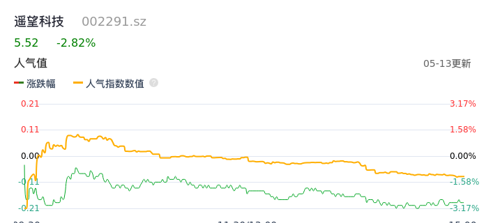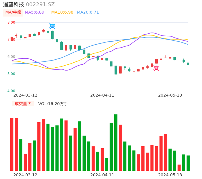 05月13日,遥望科技收报5.52,股价涨幅-2.82%,成交金额8998.90万元,换手率1.85%。
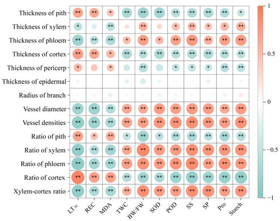 Correlation analysis of different physiological indices and anatomical structure. Red represents a positive correlation and blue represents a negative correlation. The size of the circle is proportional to the correlation coefficient. The following are the levels of significance: * p < 0.05; ** p < 0.01.
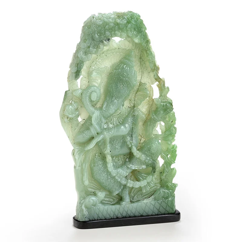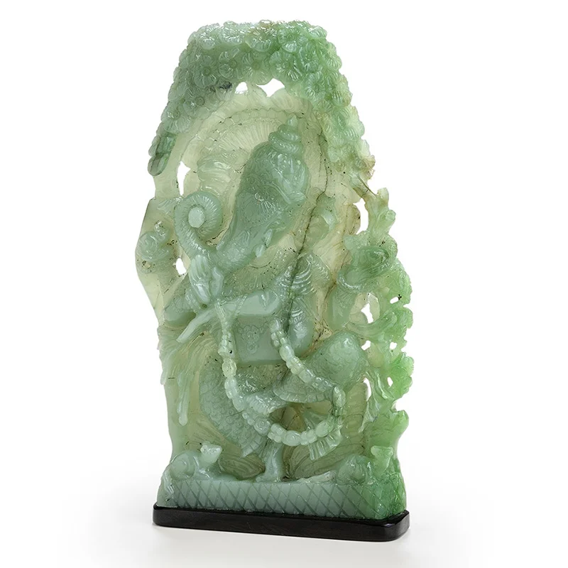 Imperial Nephrite Jade is extremely difficult to mine, given the remote locations of the Siberian mine from which it is sourced. The stone has a layered crystallization that makes it challenging to carve; it is brittle. Our master craftsman has managed to add an almost tangible seamlessness to this depiction of the God of Wisdom dancing to His own rhythm. It is a true amalgamation of balance, technique, and skill in a creation that will never be seen again.
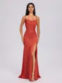 This elegant Sheath bridesmaid dress features a cowl neckline and sleeveless design. Made from silk like satin, the floor-length gown is pleated, adding a sophisticated touch to the ensemble. Perfect for formal occasions and weddings.
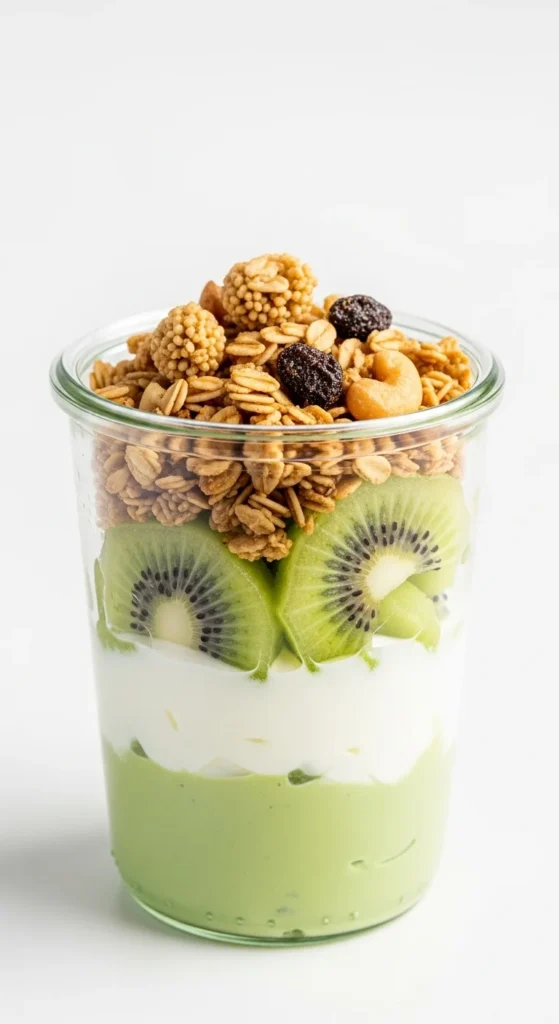 Top with a small pinch of extra matcha powder or a kiwi fan for visual impact.
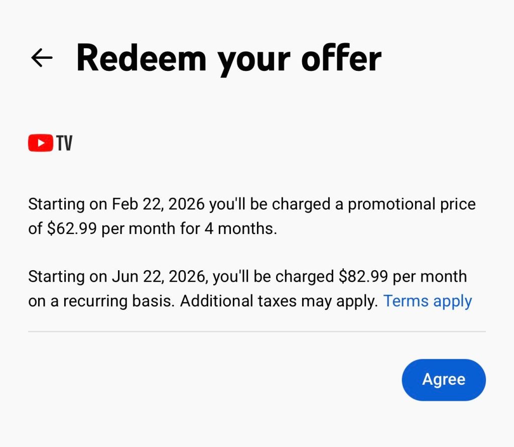 A number of YouTube TV subscribers on Reddit and Twitter/X report that an offer has appeared on their account with a discount of $20 per month for their next four months of service. The offer, which a number of users have been able to redeem, appears in YouTube TV account settings with no notice.

----

Repeat the whole listing above word for word. Leave out the pictures.

• _Result_:
 05月13日,遥望科技收报5.52,股价涨幅-2.82%,成交金额8998.90万元,换手率1.85%。
 Correlation analysis of different physiological indices and anatomical structure. Red represents a positive correlation and blue represents a negative correlation. The size of the circle is proportional to the correlation coefficient. The following are the levels of significance: * p < 0.05; ** p < 0.01.
 Imperial Nephrite Jade is extremely difficult to mine, given the remote locations of the Siberian mine from which it is sourced. The stone has a layered crystallization that makes it challenging to carve; it is brittle. Our master craftsman has managed to add an almost tangible seamlessness to this depiction of the God of Wisdom dancing to His own rhythm. It is a true amalgamation of balance, technique, and skill in a creation that will never be seen again.
 This elegant Sheath bridesmaid dress features a cowl neckline and sleeveless design. Made from silk like satin, the floor-length gown is pleated, adding a sophisticated touch to the ensemble. Perfect for formal occasions and weddings.
 Top with a small pinch of extra matcha powder or a kiwi fan for visual impact.
 A number of YouTube TV subscribers on Reddit and Twitter/X report that an offer has appeared on their account with a discount of $20 per month for their next four months of service. The offer, which a number of users have been able to redeem, appears in YouTube TV account settings with no notice.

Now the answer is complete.